Tweed-jacketed Will Morris may not have been the typical idea of a comedian, but he took charge of Horseshoe's comedy Sundays. The format was established in that around ten open spot comedians would do five minutes each on one Sunday, in a gong show. The following Sunday would be pro and semi-pro comics. Three in total, finishing on a decent 30-40m headliner. It'd alternative like that.

Being a huge fan of comedy, I came back early from Swindon to see the Horseshoe's first stand-up night, which was all open spot. This is where I had my comic epiphany. It is the reason why I'm doing comedy now, running two monthly nights, compering, booking acts, designing posters and being a prat in daft costumes.

More from the front row...
The moment came when one comedian asked the audience a question...

"What's the collective noun for slags?"

I instantly yelled out "Wellingborough", which caused everybody in the pub to erupt with laughter.

The comedian had to proceed with his planned answer - which was "limousine". Not a bad gag at all. Yet I had the bigger laugh. I'm not saying I was the better comedian, I just managed to think of something good at the right moment. And what a moment it was, those four seconds where an entire pub is laughing at something you said.

Later on that night I had managed to say something else that got a fairly good round of laughter2. I hasten to add that I'm not a heckler and I do try to keep my gob shut. However, there is something in the water over in Wellingborough which means the regulars do like to 'contribute', something that continues even today.

After about four or five pints and the entertainment ending, the huge lift I had from my spontaneous shout-outs had grown my ego to the size of a George Osborne deficit. I approached Will Morris, asking if I could "go on stage next week".

He looked stunned for a moment, spluttered and then insisted that it'd be a few months before I could have a spot. "And it can't be here. Not in front of your friends and family."

These are very very wise words indeed. However, at the time I was taken aback. I felt I could easily knock up five minutes of comedy and be on stage being the Bill Hicks I imagined I was. Will was already booked up for many of the following nights and in any case, he treated me perfectly. Not that I saw it at the time.

Will insisted that I do his mate's gong night over in Northampton before I could be ready to take the stage at the Horseshoe. I was rather taken aback, but he held the cards. He could green-light me if I did well in a place where I didn't know anyone. I was given a date and had to take it.

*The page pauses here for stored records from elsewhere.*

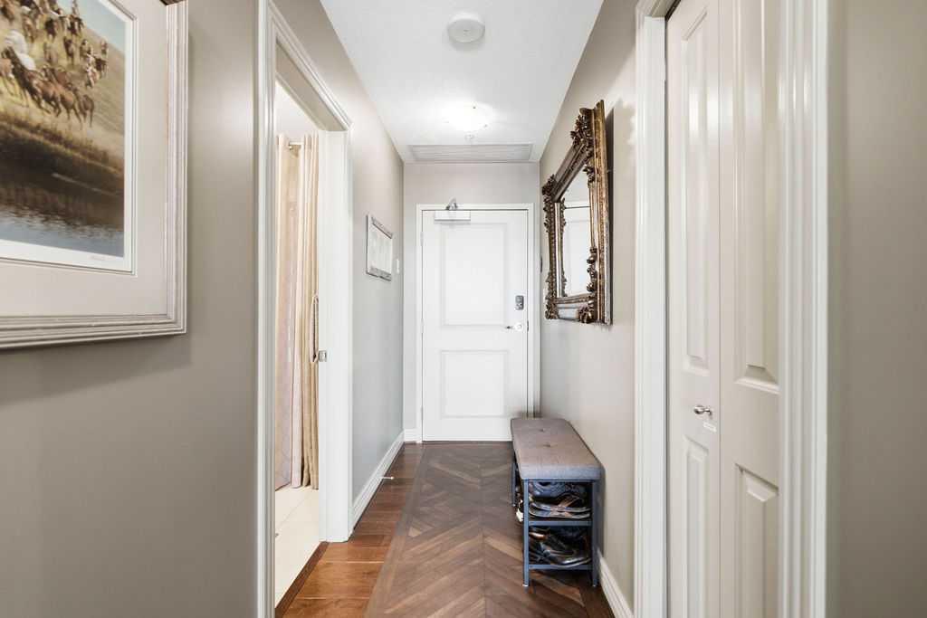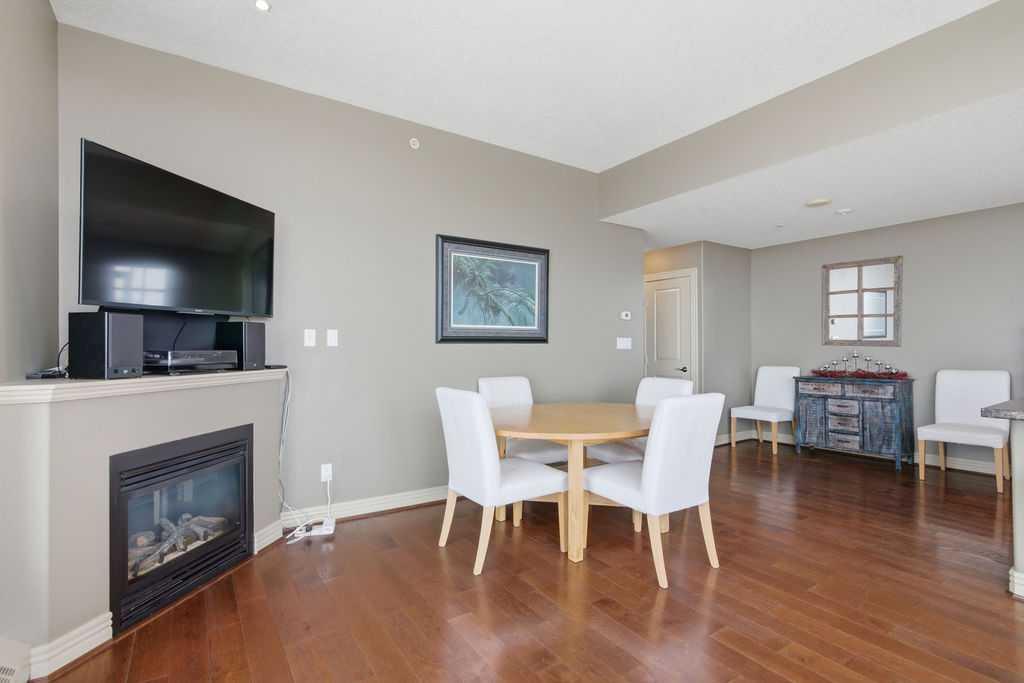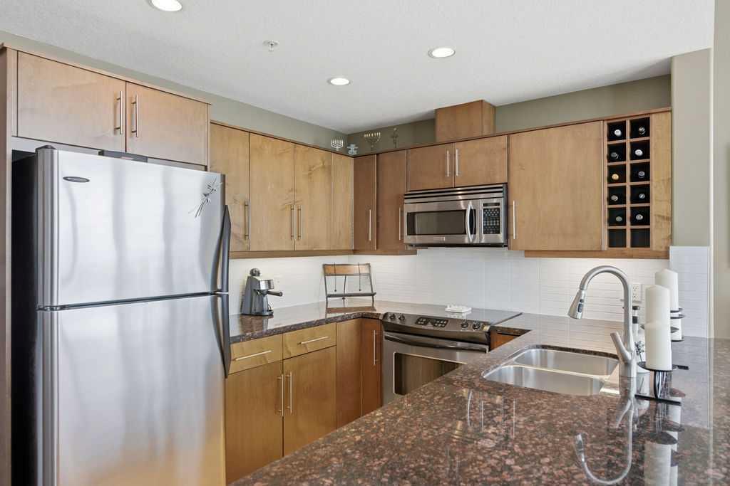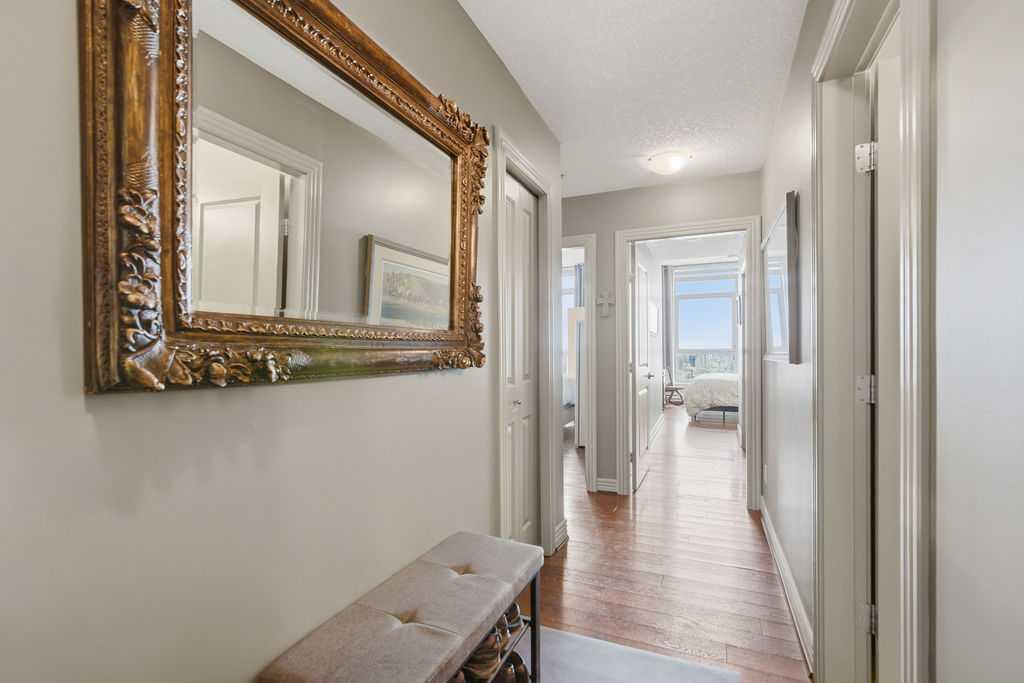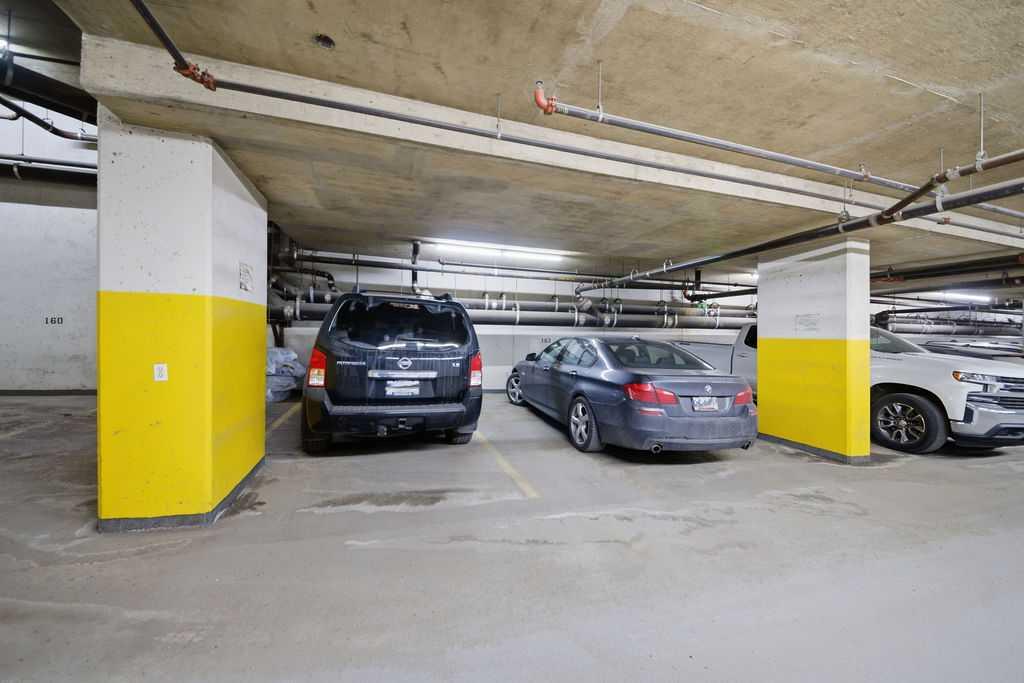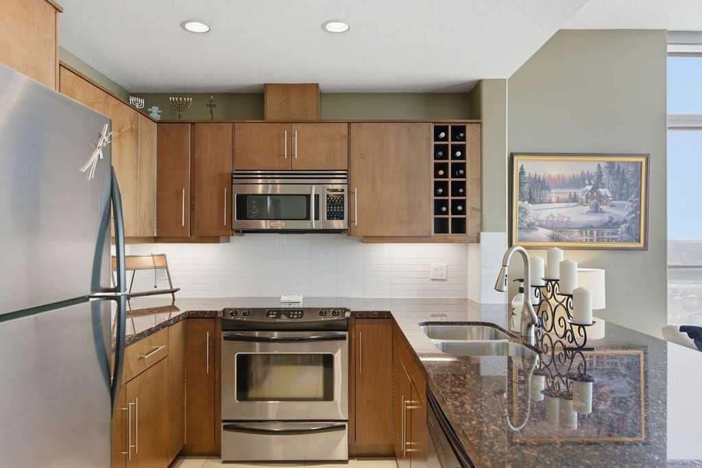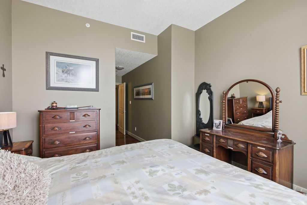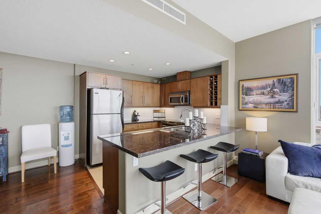 A rare opportunity to own a corner penthouse with sweeping downtown views and beautiful morning sun. Perfectly positioned with east and north exposure, this bright and spacious two-bedroom, two-bathroom residence captures stunning sunrise light and breathtaking views of Downtown Calgary and the Shaganappi Golf Course through expansive wrap-around windows. The thoughtfully designed open-concept layout features new hardwood and tile flooring, creating a clean and modern feel throughout. The kitchen offers granite countertops and excellent functionality, perfect for everyday living or entertaining. Convenient in-suite laundry is also included. A standout feature is the two titled oversized underground parking stalls, ideally located in the garage and large enough to comfortably accommodate larger vehicles or trucks. Residents enjoy access to an exceptional amenities wing, connected by an indoor walkway, featuring an oversized pool, hot tub, recreation area, and a fully updated fitness centre with sweeping golf course views. This well-managed and secure building offers 24-hour on-site security, underground parking, and underground guest parking for added peace of mind. Located just minutes from the C-Train, shopping, and everyday amenities, this home offers incredible privacy, breathtaking views, and outstanding value for penthouse living in a sought-after building. Pets permitted with board approval (one dog or one cat). This is in the Brava Tower, and condo fees include all utilities except electricity and Internet. call to book a private showing.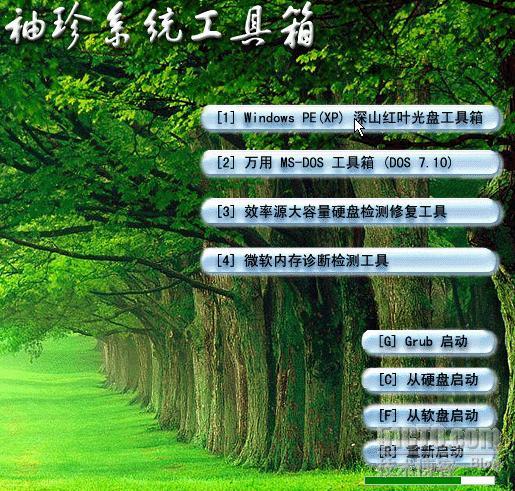 把硬盘恢复到故障状态,在计算机中放入深山红叶的启动光盘,如下图所示,出现了深山红叶的启动界面,我们选择第二项“万用MS-DOS工具箱“。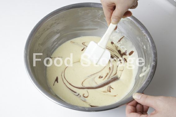 1の残りに2のココア生地を3ヶ所に分けて加え、ゴムべらで縦、横にさっくりと2回ずつ切り込みを入れるようにしてマーブルにする。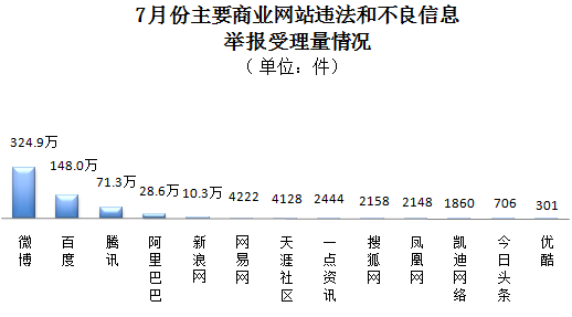在全国主要网站受理的举报中,微博、百度、腾讯、阿里巴巴、新浪网等主要商业网站受理量占61.1%,达585.0万件。
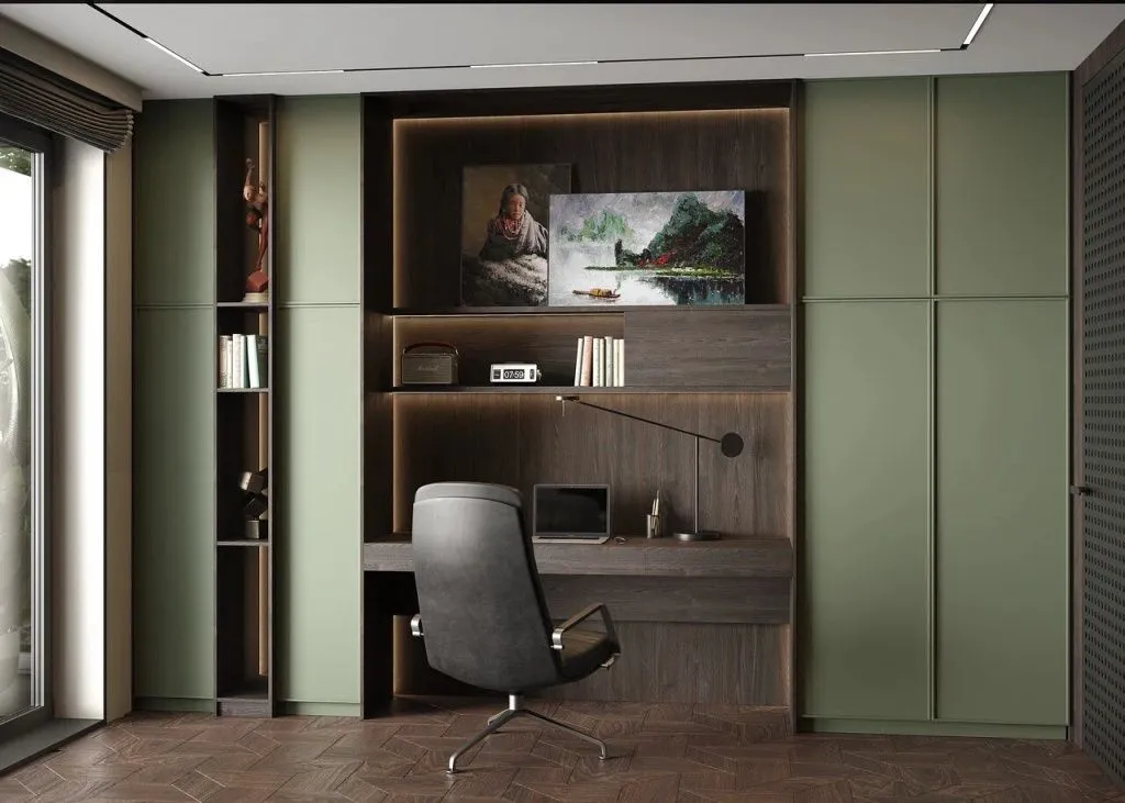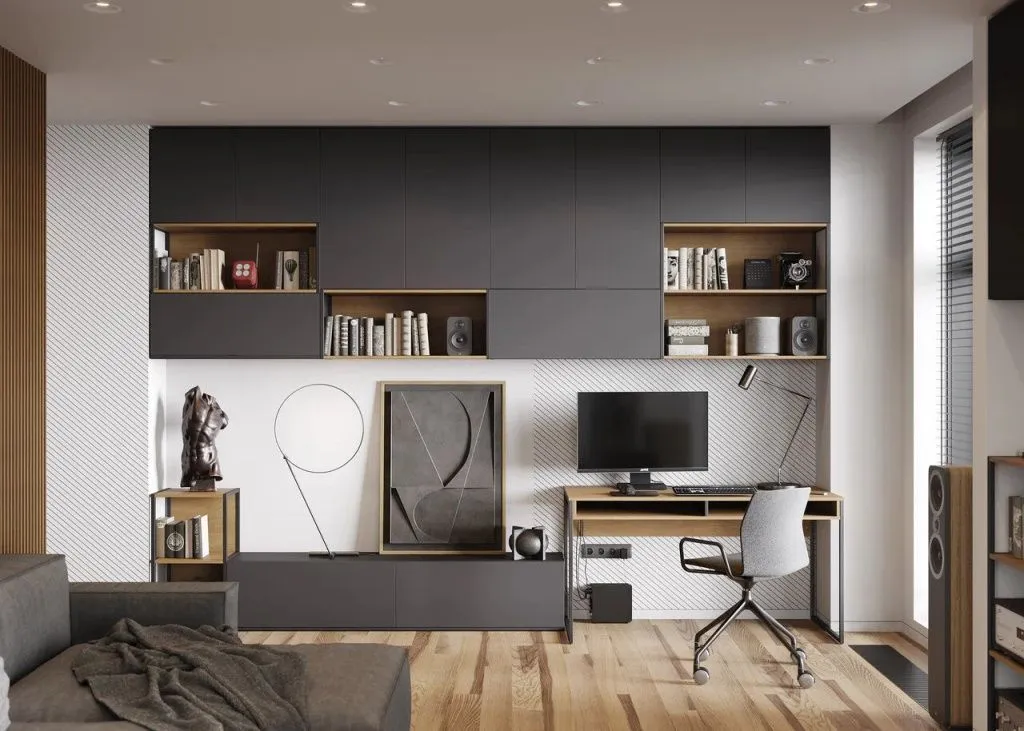 Планировка зависит от того, для каких целей предназначено помещение. В гостиной обычно выделяют зону для семейного отдыха и рабочий уголок. Не во всех современных квартирах можно оборудовать отдельный кабинет, поэтому письменный или компьютерный стол часто устанавливают в гостиной. Он должен располагаться у окна. Эту зону можно отделить с помощью стеллажа или подиума.

The following morning, I woke up, got washed and put on the shirt and trousers for work. On my forty minute trek I realised what happened the night before. I had to come up with five minutes of really funny material in a couple of months' time, or face public humiliation.


1: Very much helped by The Deportees' Rob Matheson's weekly acoustic nights on Wednesdays, plus Trina Breedon bringing loads of punk rock bands over.

2: Don't ask me what it was, I simply can't remember.